Valeu-lhe o interesse maternal da Abelha-Mestra. Quando se tornou aguadeira, saindo da tirania das caixas de fósforos, exultou de alegria, por trabalhar ao ar livre. Não tinha ambições para além do seu bairro. Quando a avó morresse, herdaria o casebre. Substituiria, com o andar do tempo, a Abelha-Mestra, quando esta também morresse ou abdicasse voluntariamente da sua posição, por isso que esta a preparava. Conseguia diariamente a sua tigela de arroz, tinha uns cobres com que se vestir e pentear e dava-se por satisfeita. Na condição de aguadeira, não podia pensar em voos mais altos, nem tal coisa lhe importunava a cabeça. Fora da área da sua actividade, não contassem com ela. Já não se sentia à vontade na Rua do Campo e na Rua do Hospital, a pouca distância do Cheok Chai Un. A Praia Grande e a Avenida Almeida Ribeiro deslocavam-na para uma cidade desconhecida, mesmo hostil, onde não via uma cara conhecida, onde mesmo as aguadeiras e criadas pareciam diferentes e altaneiras. O Porto Interior e Mong-Há eram tão fora-de-portas que encarava como terras do cabo do mundo.
Os ‘kuai-lous’, como chamava a todos os portugueses, não distinguindo os filhos-da-terra e os que vinham de fora, eram apreciados com desconfiança. Nenhum morava no Cheok Chai Un e, se fornecia água do poço a alguma casa deles, o contacto era praticamente nulo. Classificava-os de bruscos e sem maneiras, falando uma língua ‘quilí-culú’, portanto, arrevezada e de sons inacessíveis, achava-os insolentes, atrevidos que fitavam as mulheres, com despudor e intensidade, como se as despissem em pensamento.
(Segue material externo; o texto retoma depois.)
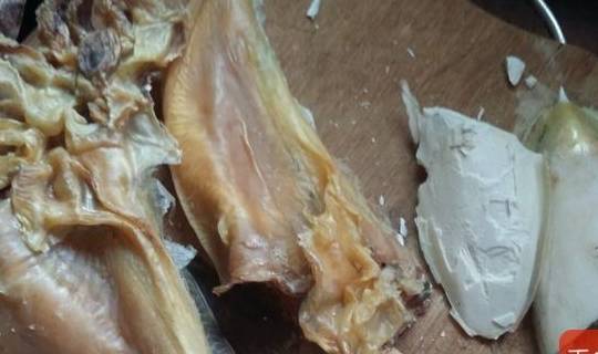 2.取一半墨鱼干,放入清水中浸泡两个小时,
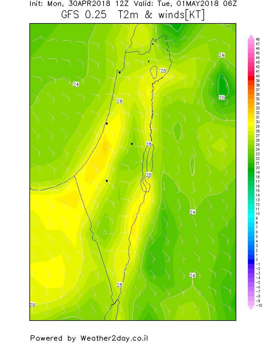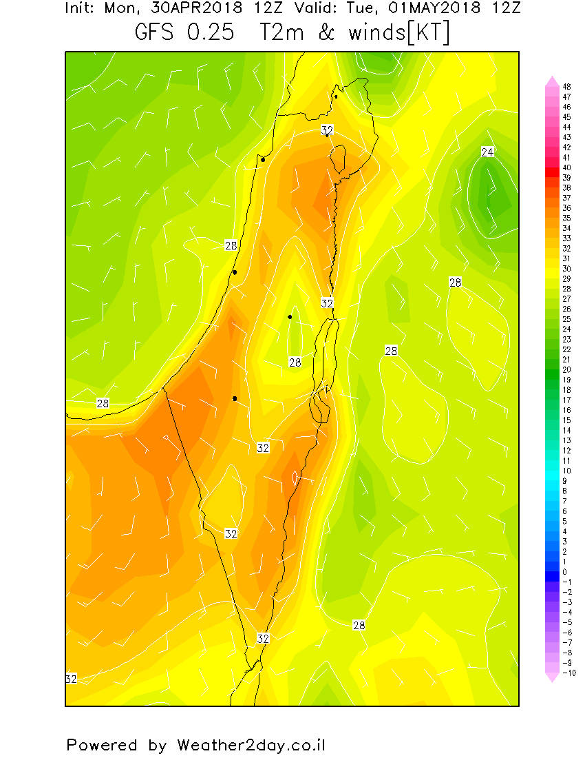 - תחזית מזג האוויר ליום שלישי - 01/05/18 חם מאוד כבר משעות הבוקר, יתכנו ממטרים מקומיים Weather2day
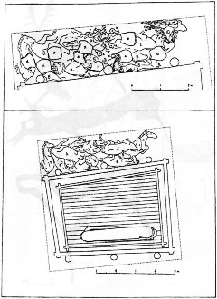 План-реконструкция погребальной камеры из 1-го Пазырыкского кургана, середина V в. до н.э., по М.П. Грязнову, 1941.
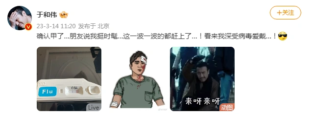 于和伟发文称得甲流 调侃自己抵抗病毒方面“赶时髦” 全文约22字, 阅读需要1分钟 于和伟发文称自己得了甲流,调侃自己“很赶时髦”。 3月14日。于和伟发文称自己得了甲流,调侃自己“很赶时髦”。 相关人物
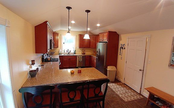 Perfect location for an in-town home! This remodeled 3 bed 2 bath home is located within a block of the elementary school, middle school, and hospital. And only 3 blocks to Main St. yet is quiet and peaceful. It features a brand new addition which houses a completely new kitchen with stainless appliances, granite counter-tops, vaulted ceiling with recessed lighting, and a mudroom entrance from outside. There is an updated full bath on the 1st floor for convenience as well as a laundry room. The dining room and living room have beautiful wooden floors and plenty of space. The master bedroom is spacious as well and there is a new full bath upstairs. The basement has a cement floor and newer heating system. In the summer enjoy the peaceful backyard and the large wrap-around deck which comfortably fits outside dining activities. Call for a showing today!
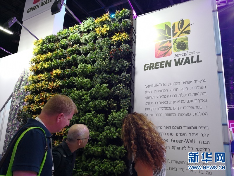 以色列家居建材节展会上,用鲜活的绿色植物设计出的背景墙。新华网记者陈文仙 摄
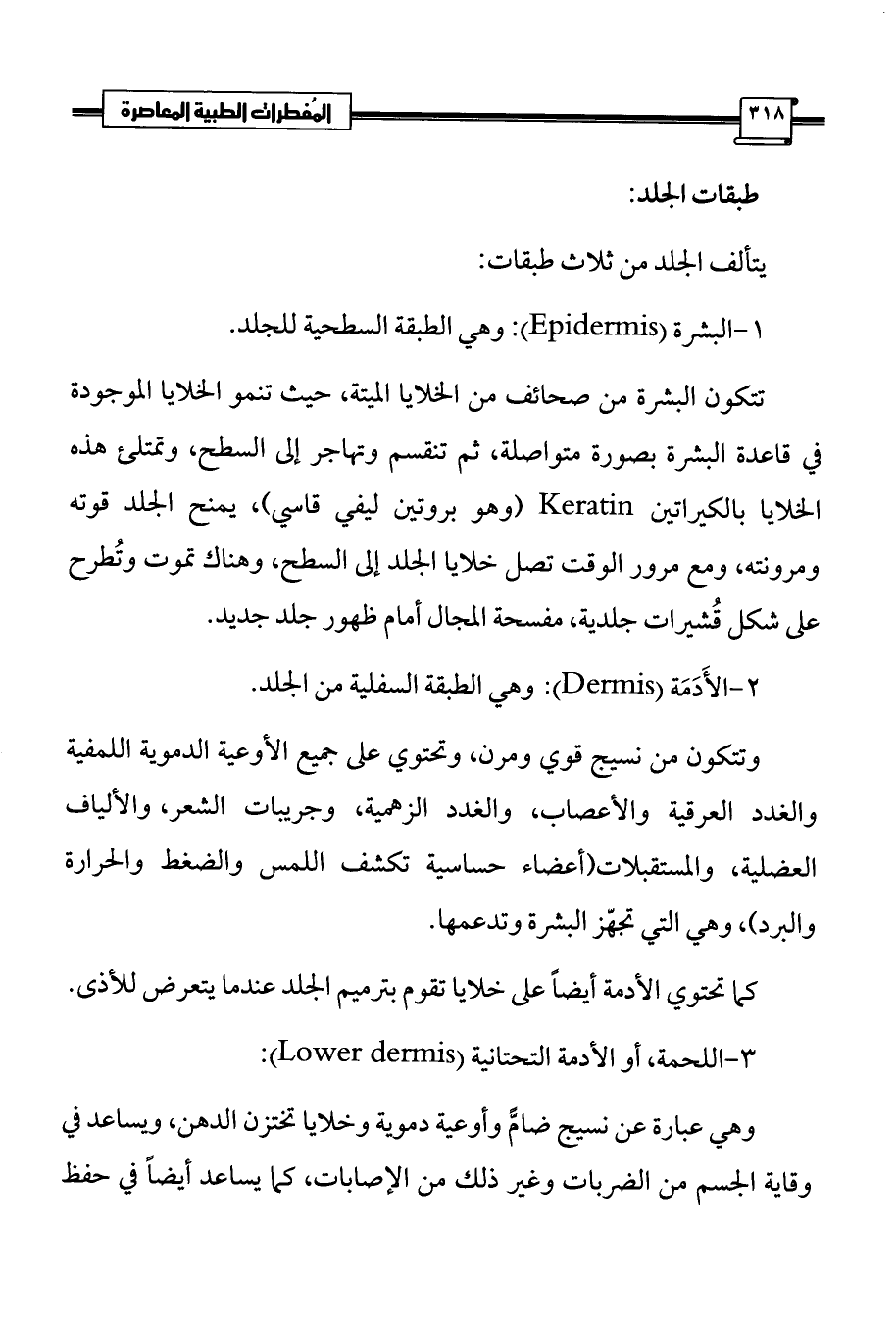 1 - البشرة (Epidermis): وهي الطبقة السطحية للجلد.
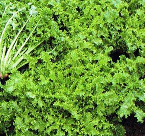 Deep-cut, fringed outer leaves, medium green with a pale green midrib; blanches easily. 1/4 oz sows a 100′ row.
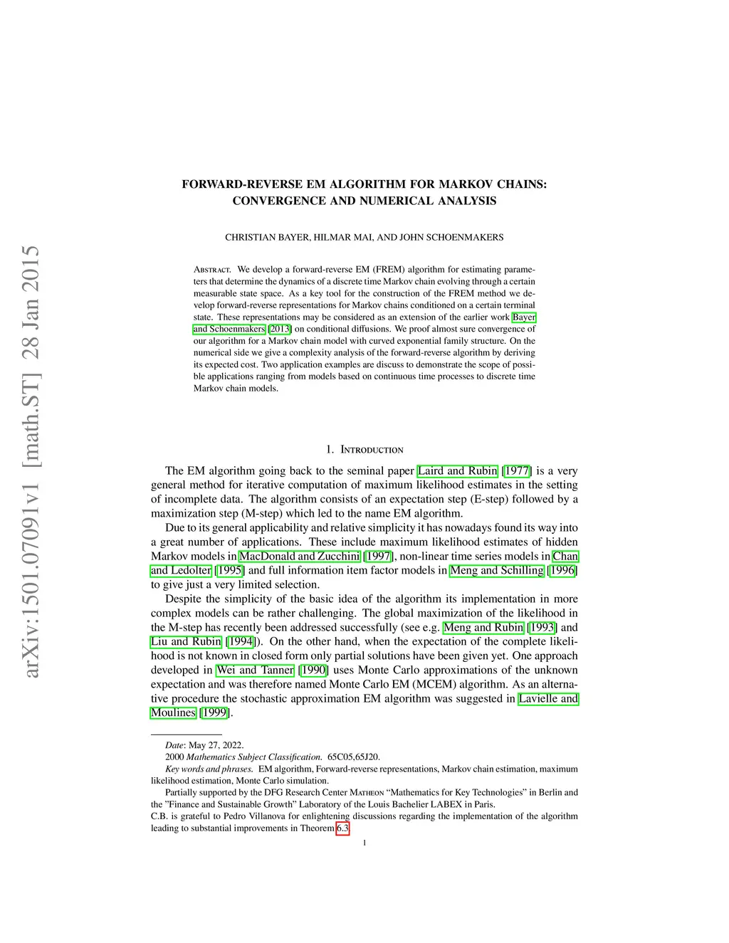 Forward-reverse EM algorithm for Markov chains: convergence and

As mulheres, então, umas bonecas que mostravam, sem a mínima vergonha, as pernas e o peso dos seios, algumas delas loiras e de olhos azuis, coisa espantosamente singular e de maravilhar. Das raras vezes que calcorreava ruas e praças, onde sabia havia de os encontrar, perdia a segurança habitual, fechando-se numa falsa arrogância, como que para se proteger. Vingava-se, no entanto, do seu receio, quando andava em grupo. Então, batia o tamanco nas pedras do chão, com força, no que era imitada pelas companheiras, como num desafio. Sempre que ultrapassava a área do seu trabalho, exibia os tamancos.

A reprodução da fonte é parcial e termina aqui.